WJKI-FM
- Bethany Beach, Delaware; United States;
- Broadcast area: Bethany Beach, Delaware; Ocean City, Maryland; Milford, Delaware; Georgetown, Delaware;
- Frequency: 103.5 MHz
- Branding: 103.5 & 102.9 The Vault

Programming
- Format: Classic rock

Ownership
- Owner: The Voice Radio Network; (The Voice Radio, LLC);
- Sister stations: WJKI; WJWL; WKDB; WKHI; WZEB;

History
- First air date: 1996 (as WZSK)
- Former call signs: WJTI (1993–1995); WZSK (1995–1997); WJYN (1997–2000); WJNE (2000–2004); WJKI (2004–2018);

Technical information
- Licensing authority: FCC
- Facility ID: 30858
- Class: A
- ERP: 1,450 watts
- HAAT: 146 meters (479 ft)
- Transmitter coordinates: 38°34′21.4″N 75°6′56.6″W﻿ / ﻿38.572611°N 75.115722°W

Links
- Public license information: Public file; LMS;
- Webcast: Listen live
- Website: www.thevaultrocks.com

= WJKI-FM =

WJKI-FM (103.5 FM) is a radio station licensed to serve Bethany Beach, Delaware.
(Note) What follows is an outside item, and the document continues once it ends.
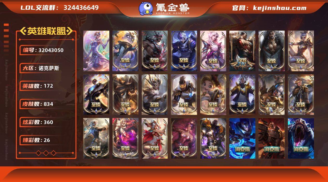 t37233【诺克萨斯】 834皮肤 360炫彩 26臻彩 39神话/148限定/81传说/172英雄 账号等级:564 单双排段位:铂金 【重要头像】爱意绵绵 觅心游侠卢锡安 银河魔装机神安妮 春晖神女拉克丝 击拳 送披萨的小姐姐希维尔 【重要皮肤】机神玄武盖伦至臻 永恒星灵佐伊至臻 T1塞拉斯至臻 暗裔英雄嘉文四世至臻 灵魂莲华劫至臻 灵魂莲华拉克丝至臻 凯旋将军德莱厄斯至臻 狼神英灵斯维因至臻 斗魂觉醒派克至臻 剪纸仙灵希维尔至臻 神凰行者烈羽焰凰霞至臻 魔女婕拉至臻 奥术师佐伊至臻 未来战士卢锡安至臻 真实伤害亚索至臻 灵能特工伊泽瑞尔至臻 神龙尊者炎龙瑟提至臻 黑夜使者凯隐至臻 神龙尊者均衡之龙沃利贝尔至臻 玉剑传说武剑仙至臻 玉剑传说武剑仙2022至臻 未来战士锤石至臻 未来战士锤石2022至臻 殿堂传奇薇恩 殿堂传奇乐芙兰 灰烬骑士莫德凯撒 灰烬骑士派克 海克斯科技雷克顿 海克斯科技嘉文四世 水晶泰坦诺提勒斯 水晶掠夺者卡兹克 永恒之森奥恩 暗星科加斯 恐惧新星德莱厄斯 零之枪骑赫卡里姆 胜利行刑官德莱文 胜利剑圣易 胜利女神娑娜 胜利之王泰达米尔 胜利巨口克格莫 勇敢的心德莱厄斯 电玩女神厄运小姐 电玩勇者锐雯 星之守护者伊泽瑞尔 玉剑传说无影 女帝厄运小姐 玉剑传说无劫 灵能特工易 黎明使者薇恩 点心宝贝阿木木 剪纸仙灵希维尔 剪纸仙灵婕拉 剪纸仙灵加里奥 龙腾虎跃瑟提 替父从军花木兰 神龙烈焰金克丝 碧玉之牙卡西奥佩娅 古琴余韵娑娜 春晖神女拉克丝 你看见过我的熊猫吗安妮 北辰之威内瑟斯 美猴王孙悟空 广寒仙子嫦娥 张辽文远 司马懿仲达 金猪烈焰瑟庄妮 烈焰美人薇恩 神龙之翼库奇 福牛守护者德莱厄斯 龙马烈焰波比 胜利女神瑟庄妮 胜利机器人布里茨 胜利枪神卢锡安 胜利之剑亚托克斯 碎心之拳蔚 觅心之翼...
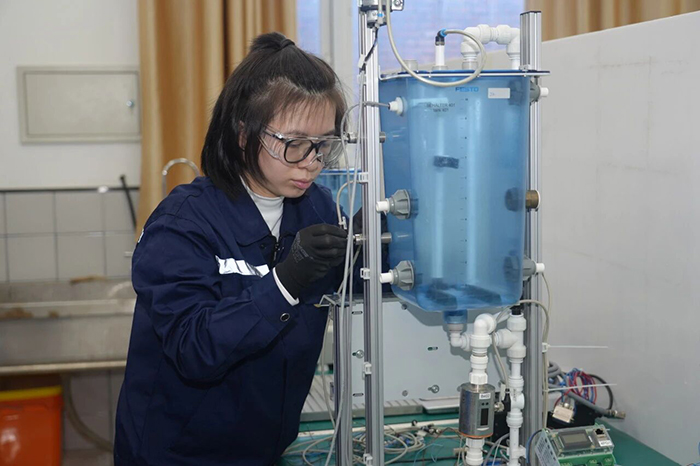 一滴水的旅程,关乎万家冷暖,关乎一方水土。当千家万户为春节团圆而举杯时,一群年轻人正在为守护那泓清泉背后的安全与生机而努力练习着。水处理技术项目实验室里,来自河南、山西等地职院的11名年轻选手,正凝神搭建着微缩的“城市水脉”。混凝、沉淀、过滤、消毒……一座现代化水厂的完整流程,在不足两平方米的操作台上正精密“上演”。选手赵可俯身调整管路,动作沉稳而利落。教练目光如尺,在她身后半步距离之内,衡量着她每一次操作的精度。在新任世赛水处理技术项目中国专家组组长柯瑞华和教练团的带领下,赵可和参加实训的10名伙伴,正在努力融会贯通化学、生物、机械、自动化等多学科知识,目标直指现代化污水处理厂的“总工程师”。春节前集训的日夜里,他们将反复演练从水质分析到系统检修的全套模块。

The station is owned by The Voice Radio Network. It airs a classic rock format. The station has been assigned these call letters by the Federal Communications Commission since November 21, 2018.

With the sale of WXSH, the classic rock format is now being simulcast on WJKI (1320 AM; formerly WICO) and on 102.9 FM (W275CX).